# [Problem statement]
Exclude pictures and give again exactly the lines of the listing, beginning with its first line and ending with the one that contains "රුසියාවේ ව්ලැද්මීර් පුටින්".

[Opening Records provided section]

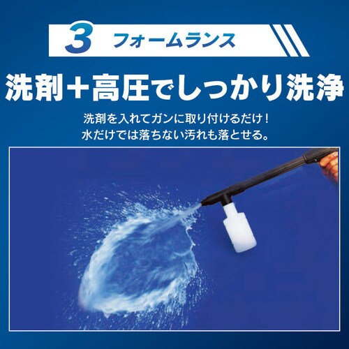 低圧から高圧まで自由に圧力が切り替えられるので、網戸・車・外壁など、さまざまにお使いいただけます。
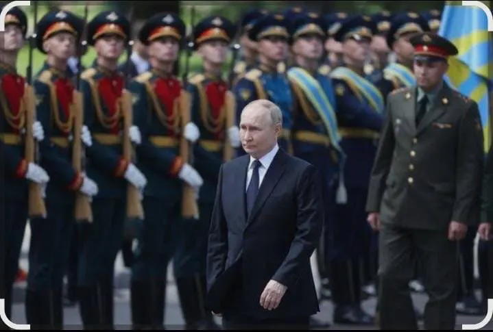 රුසියාවේ ව්ලැද්මීර් පුටින් හමුදා ආචාරය පිළිගන්නා අවස්ථාවක්
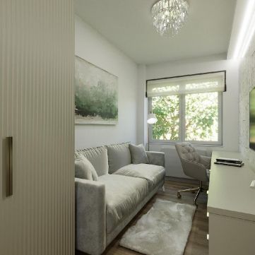 Lakberendezői tervezés az átalakítás minden eleme szakértői támogatással történt, és a lakberendező a jövőbeni berendezésben vagy újratervezésben is rendelkezésre áll. A hirdetés fotói a lakás jelenlegi állapotát és a tervezett dizájnt egyaránt tükrözik.
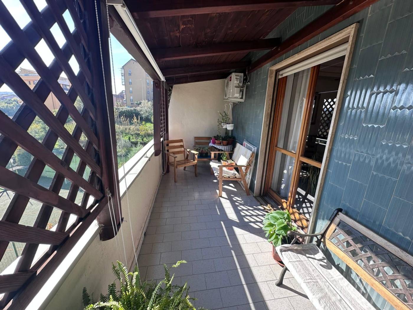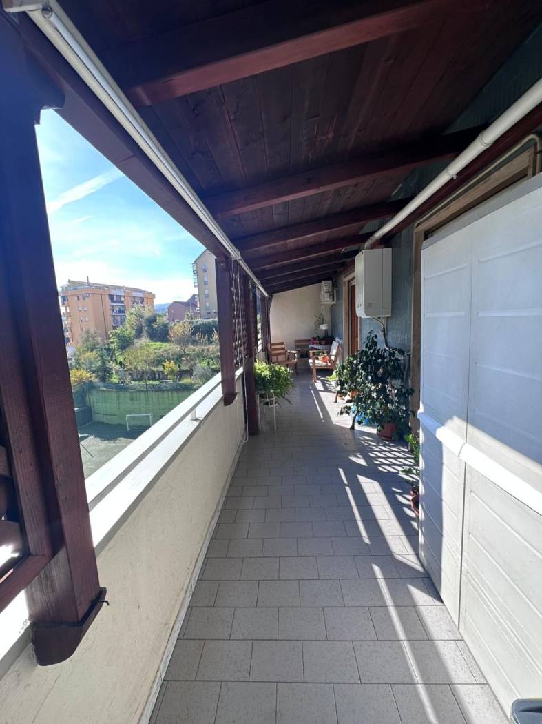Nella zona residenziale di Città 2000, caratterizzata da assetto urbanistico ordinato e dalla presenza immediata di servizi pubblici e commerciali nonché dalle principali direttrici viarie, si colloca un appartamento posto al terzo piano di edificio civile, connotato da condizioni manutentive elevate e da una distribuzione interna armoniosa. La superficie abitativa pari a circa cento metri quadrati si integra con un balcone perimetrale di ulteriori venti metri quadrati, reso pienamente fruibile dalla presenza di una tettoia in legno lamellare, e con una soffitta pertinenziale di circa dodici metri quadrati, idonea a funzioni di deposito ordinato.
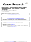 Early Changes in Protein Expression Detected by Mass Spectrometry Predict Tumor Response to Molecular Therapeutics Michelle L. Reyzer, Robert L. Caldwell, Teresa C. Dugger, et al. Cancer Res 2004;64:9093-9100. Updated version Access the most recent version of this article at: http://cancerres.aacrjournals.org/content/64/24/9093 Cited Articles This article cites by 29 articles, 14 of which you can access for free at: http://cancerres.aacrjournals.org/content/64/24/9093.full.html#ref-list-1 Citing articles This article has been cited by 10 HighWire-hosted articles. Access the articles at: http://cancerres.aacrjournals.org/content/64/24/9093.full.html#related-urls E-mail alerts Reprints and Subscriptions Permissions Sign up to receive free email-alerts related to this article or journal. To order reprints of this article or to subscribe to the journal, contact the AACR Publications Department at pubs@aacr.org. To request permission to re-use all or part of this article, contact the AACR Publications Department at permissions@aacr.org. Downloaded from cancerres.aacrjournals.org on October 7, 2014. © 2004 American Association for Cancer Research. [CANCER RESEARCH 64, 9093–9100, December 15, 2004] Early Changes in Protein Expression Detected by Mass Spectrometry Predict Tumor Response to Molecular Therapeutics Michelle L. Reyzer,1,2 Robert L. Caldwell,1,2 Teresa C. Dugger,3 James T. Forbes,3 Christoph A. Ritter,6 Marta Guix,3 Carlos L. Arteaga,3,4,5 and Richard M. Caprioli1,2,5 1 Mass Spectrometry Research Center, Departments of 2Biochemistry, 3Medicine, and 4Cancer Biology, 5Vanderbilt-Ingram Comprehensive Cancer Center, Vanderbilt University School of Medicine, Nashville, Tennessee; and 6Department of Pharmacology and Institute of Pharmacy, Peter Holtz Research Center of Pharmacology and Experimental Therapeutics, Ernst-Moritz-Arndt-Universitat Greifswald, Greifswald, Germany ABSTRACT Biomarkers that predict therapeutic response are essential for the development of anticancer therapies. We have used matrix-assisted laser desorption/ionization mass spectrometry (MALDI-MS) to directly analyze protein profiles in mouse mammary tumor virus/HER2 transgenic mouse frozen tumor sections after treatment with the erbB receptor inhibitors OSI-774 and Herceptin. Inhibition of tumor cell proliferation and induction of apoptosis and tumor reduction were predicted by a >80% reduction in thymosin 4 and ubiquitin levels that were detectable after 16 hours of a single drug dose before any evidence of in situ cellular activity. These effects were time- and dose-dependent, and their spatial distribution in the tumor correlated with that of the small-molecule inhibitor OSI-774. In addition, they predicted for therapeutic synergy of OSI-774 and Herceptin as well as for drug resistance. These results suggest that drug-induced early proteomic changes as measured by MALDI-MS can be used to predict the therapeutic response to established and novel therapies. INTRODUCTION There is an increasing number of molecule-targeted anticancer therapies, both established and in clinical development. In most cases, the tumors that are dependent on the molecular targets of these therapies and, therefore, potentially sensitive to these drugs, are not easily recognizable. Therefore, it becomes imperative to identify a molecular signature or predictive marker before or during preclinical anticancer drug development to guide this process. Such information would allow the selection of appropriate patients into efficacy studies as well as the exclusion of patients in whom these drugs are unlikely to exhibit any clinical benefit. In some cases, this predictive molecular signature is known. For example, the presence of estrogen and progesterone receptors in breast cancers predicts for response to antiestrogens (1). Clinical responses to the anti-HER2 (erbB2) humanized IgG1 trastuzumab (Herceptin) are limited to breast tumors with HER2 gene amplification (2). Likewise, gastrointestinal stromal tumors with mutations in c-Kit respond to the small molecule c-Kit tyrosine kinase inhibitor imatinib (Gleevec; ref. 3). On the other hand, recent trials with epidermal growth factor receptor (EGFR) inhibitors in unselected patients with epithelial tumors that are known to express the receptor RNA and protein have shown limited to no clinical activity (4, 5). Interestingly, two groups recently reported EGFR gene mutations in lung cancers that exhibited robust clinical responses to the EGFR tyrosine kinase inhibitor gefitinib (Iressa; refs. 6, 7), additionally underscoring the presence of molecular signatures or surrogate markers than can predict drug action. Proteomics approaches, including two-dimensional gel electrophoresis and matrix-assisted laser desorption/ionization mass spectrometry (MALDI-MS), have been shown to be powerful tools to discover biomarkers that distinguish normal from diseased tissues. Chaurand et al. (8) used MALDI-MS to directly analyze mouse colon tissue and showed that protein patterns were significantly different between tumor tissue and normal colon tissue. Several tumor-specific protein markers were identified in this work (8). Yanagisawa et al. (9) recently showed that tumor subsets of non–small-cell lung cancer give rise to unique protein patterns. They reported that MALDI-MS– derived protein profiles from human lung tissue could accurately distinguish normal lung, adenocarcinoma, squamous-cell carcinoma, and large-cell carcinoma. They also identified markers that were indicative of patient prognosis (9). In this article, we show that protein changes initiated by treatment with a small molecule inhibitor of the EGFR tyrosine kinase and/or a HER2 blocking antibody predict for cellular and clinical activity in oncogene-expressing mammary tumors. These changes can be observed as early as after 16 hours of treatment and, thus, support the use of proteomic-based approaches to potentially guide individualized anticance
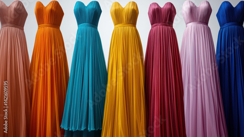 dress, gown, pleated, fashion, evening dress, elegance, vibrant, clothing, colourful, special occasion, attire, style, textile, rainbow, fabric, material, design, beauty, woman, apparel, celebration, party, clothes rack, collection, full-length, assortment, colours, luxurious, chiffon, bodice, skirt, flowing, drape, texture, trendy, modern, chic, aesthetic, contemporary, studio shot, display, glamour
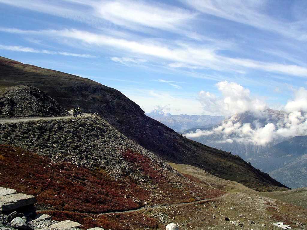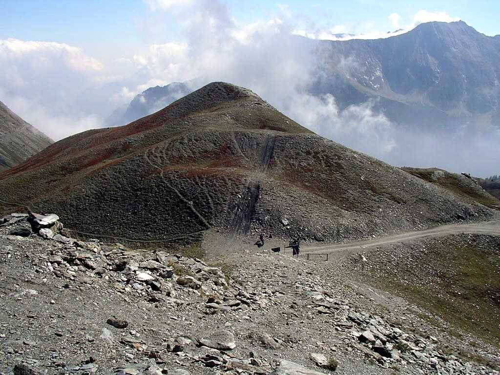 Ab dem Paß ist ein Teilstück wieder asphaltiert, der interessantere nördliche Abschnitt Richtung Gran Serin, der kurz hinter dem Colle rechts abzweigt, ist für leider für Motorfahrzeuge gesperrt worden. Wir nehmen deshalb den nächsten unasphaltierten Abzweig und folgen der Piste bis zum Colle de Assietta.
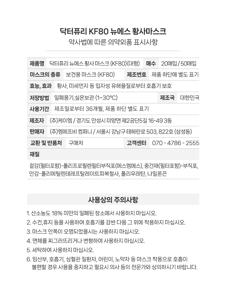 캘린더링 공법으로 피부에 닿는 부드러운 안감과 한층 강화된 필터효율로 숨쉬기 편한 KF-80 입체형 마스크
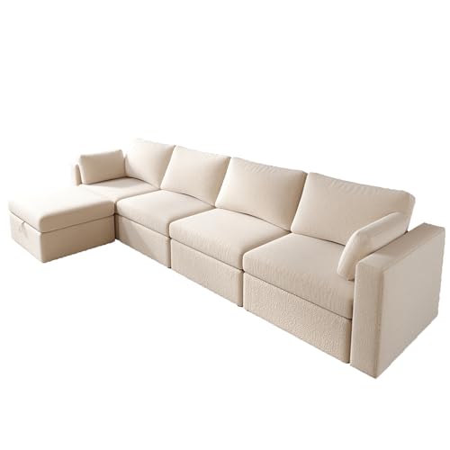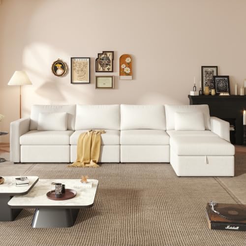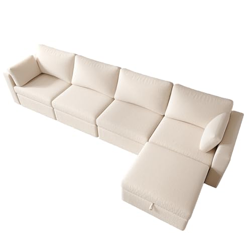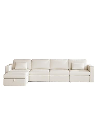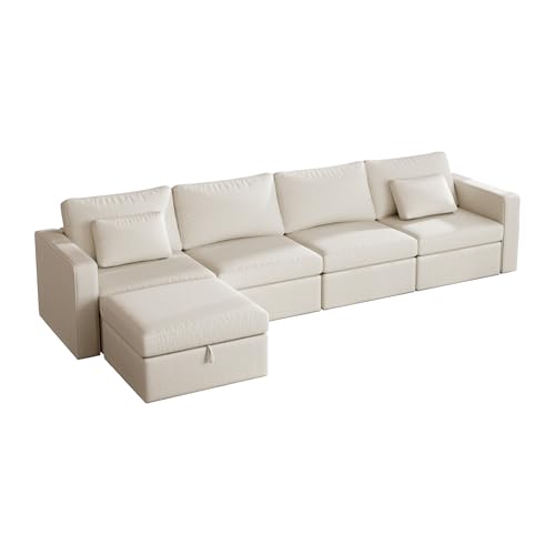 100'' Modular Sectional Sofa Modern Sectional Couch with Storage Ottoman, Comfy Oversized Deep Seat Sofa Couches for Living Room, Modern 3 Seats Convertible Sleeper Sectional Sofa, White
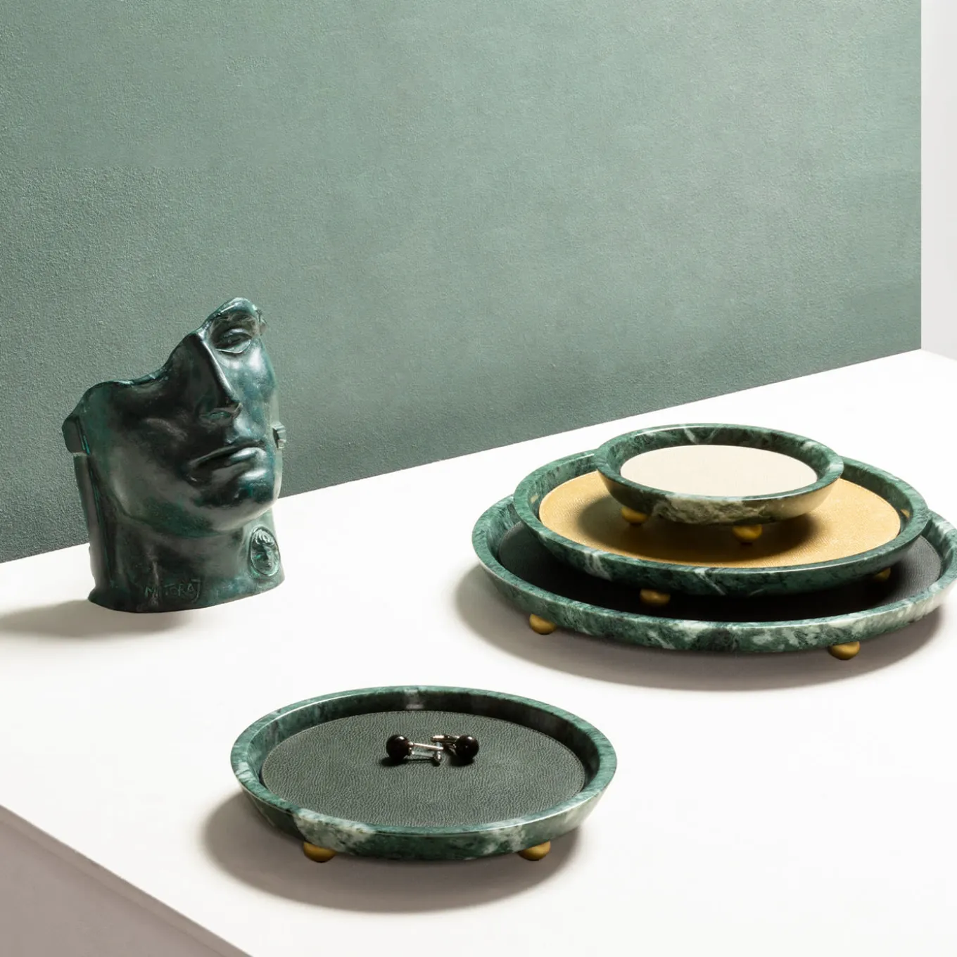 Marble structure with metal rounded feet available in different finishes. Provided with removable leather placemat. Marble finishes available: Arabescato white / green Guatemala / Eramosa brown / black Portoro / Travertino. Metal finishes available: chrome / bronze / brass.

[Closing Records provided section]

# [Answer area]
 低圧から高圧まで自由に圧力が切り替えられるので、網戸・車・外壁など、さまざまにお使いいただけます。
 රුසියාවේ ව්ලැද්මීර් පුටින් හමුදා ආචාරය පිළිගන්නා අවස්ථාවක්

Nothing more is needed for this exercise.